__How to complete this task__:
Print the listing as it stands, omitting all images.

__Collected material__:
________

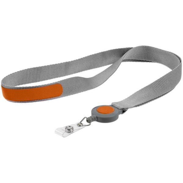 Лента для бейджа с ретрактором Devon, серая с оранжевым
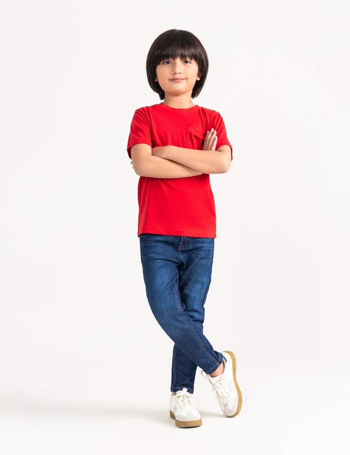 Revitalize your summer wardrobe with this t-shirt in a refreshing hue featuring a round neck with a button placket and chest pocket. It is made in soft cotton jersey fabric that is breathable and light on the skin.
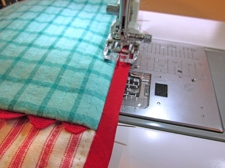 8. From the pocket side of the hot pad, edgestitch the bias tape, making sure to catch the fold on the underside as you sew.

________

__Completed task__:
 Лента для бейджа с ретрактором Devon, серая с оранжевым
 Revitalize your summer wardrobe with this t-shirt in a refreshing hue featuring a round neck with a button placket and chest pocket. It is made in soft cotton jersey fabric that is breathable and light on the skin.
 8. From the pocket side of the hot pad, edgestitch the bias tape, making sure to catch the fold on the underside as you sew.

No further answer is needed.